Nov 4 23:38:26 pve02 corosync[1703]: [KNET ] link: host: 3 link: 0
is down
Nov 4 23:38:26 pve02 corosync[1703]: [KNET ] host: host: 3 (passive)
best link: 0 (pri: 1)
Nov 4 23:38:26 pve02 corosync[1703]: [KNET ] host: host: 3 has no
active links
Nov 4 23:38:28 pve02 corosync[1703]: [TOTEM ] Token has not been
received in 2737 ms
Nov 4 23:38:30 pve02 corosync[1703]: [KNET ] rx: host: 3 link: 0 is up
Nov 4 23:38:30 pve02 corosync[1703]: [KNET ] host: host: 3 (passive)
best link: 0 (pri: 1)
Nov 4 23:38:32 pve02 corosync[1703]: [QUORUM] Sync members[2]: 1 2
Nov 4 23:38:32 pve02 corosync[1703]: [QUORUM] Sync left[1]: 3
Nov 4 23:38:32 pve02 corosync[1703]: [TOTEM ] A new membership
(1.873) was formed. Members left: 3
Nov 4 23:38:32 pve02 corosync[1703]: [TOTEM ] Failed to receive the
leave message. failed: 3
Nov 4 23:38:32 pve02 pmxcfs[1578]: [dcdb] notice: members: 1/1626, 2/1578
Nov 4 23:38:32 pve02 pmxcfs[1578]: [dcdb] notice: starting data
syncronisation
Nov 4 23:38:32 pve02 pmxcfs[1578]: [status] notice: members: 1/1626, 2/1578
Nov 4 23:38:32 pve02 pmxcfs[1578]: [status] notice: starting data
syncronisation
Nov 4 23:38:32 pve02 corosync[1703]: [QUORUM] Members[2]: 1 2
Nov 4 23:38:32 pve02 corosync[1703]: [MAIN ] Completed service
synchronization, ready to provide service.

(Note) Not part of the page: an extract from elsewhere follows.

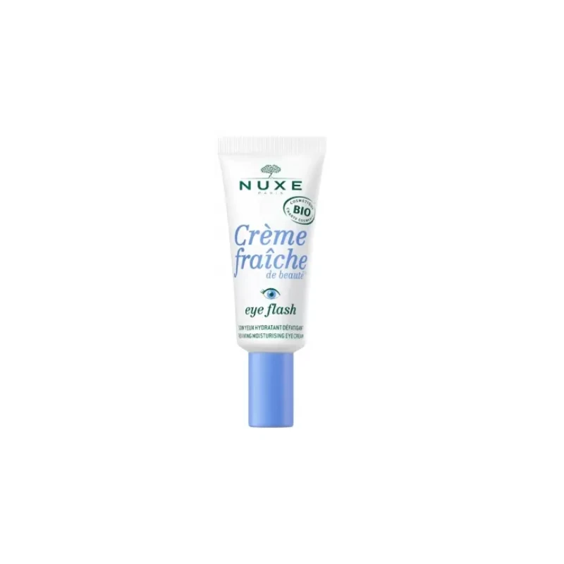 Nuxe Crème Fraîche de Beauté Eye Flash Soin Yeux Bio 15 ml est un soin hydratant effet « flash » pour un contour des yeux instantanément défatigué, comme après une bonne nuit de sommeil. Le regard est illuminé, lissé, les poches et cernes sont atténués. Les signes de fatigue sont réduits et le contour des yeux plus lumineux.

Nov 4 23:38:32 pve02 pmxcfs[1578]: [dcdb] notice: received sync request
(epoch 1/1626/00000009)
Nov 4 23:38:32 pve02 pmxcfs[1578]: [status] notice: received sync
request (epoch 1/1626/00000009)
Nov 4 23:38:32 pve02 pmxcfs[1578]: [dcdb] notice: received all states
Nov 4 23:38:32 pve02 pmxcfs[1578]: [dcdb] notice: leader is 1/1626
Nov 4 23:38:32 pve02 pmxcfs[1578]: [dcdb] notice: synced members:
1/1626, 2/1578
Nov 4 23:38:32 pve02 pmxcfs[1578]: [dcdb] notice: all data is up to date
Nov 4 23:38:32 pve02 pmxcfs[1578]: [dcdb] notice: dfsm_deliver_queue:
queue length 2
Nov 4 23:38:32 pve02 pmxcfs[1578]: [status] notice: received all states
Nov 4 23:38:32 pve02 pmxcfs[1578]: [status] notice: all data is up to date
Nov 4 23:38:32 pve02 pmxcfs[1578]: [status] notice: dfsm_deliver_queue:
queue length 46
Nov 4 23:38:34 pve02 corosync[1703]: [KNET ] link: host: 3 link: 0
is down
Nov 4 23:38:34 pve02 corosync[1703]: [KNET ] host: host: 3 (passive)
best link: 0 (pri: 1)
Nov 4 23:38:34 pve02 corosync[1703]: [KNET ] host: host: 3 has no
active links
Nov 4 23:38:41 pve02 corosync[1703]: [KNET ] link: host: 1 link: 0
is down
Nov 4 23:38:41 pve02 corosync[1703]: [KNET ] host: host: 1 (passive)
best link: 0 (pri: 1)
Nov 4 23:38:41 pve02 corosync[1703]: [KNET ] host: host: 1 has no
active links
Nov 4 23:38:42 pve02 corosync[1703]: [TOTEM ] Token has not been
received in 2737 ms
Nov 4 23:38:43 pve02 corosync[1703]: [TOTEM ] A processor failed,
forming new configuration: token timed out (3650ms), waiting 4380ms for
consensus.
Nov 4 23:38:48 pve02 corosync[1703]: [QUORUM] Sync members[1]: 2
Nov 4 23:38:48 pve02 corosync[1703]: [QUORUM] Sync left[1]: 1
Nov 4 23:38:48 pve02 corosync[1703]: [TOTEM ] A new membership
(2.877) was formed. Members left: 1
Nov 4 23:38:48 pve02 corosync[1703]: [TOTEM ] Failed to receive the
leave message. failed: 1
Nov 4 23:38:48 pve02 pmxcfs[1578]: [dcdb] notice: members: 2/1578
Nov 4 23:38:48 pve02 pmxcfs[1578]: [status] notice: members: 2/1578
Nov 4 23:38:48 pve02 corosync[1703]: [QUORUM] This node is within the
non-primary component and will NOT provide any services.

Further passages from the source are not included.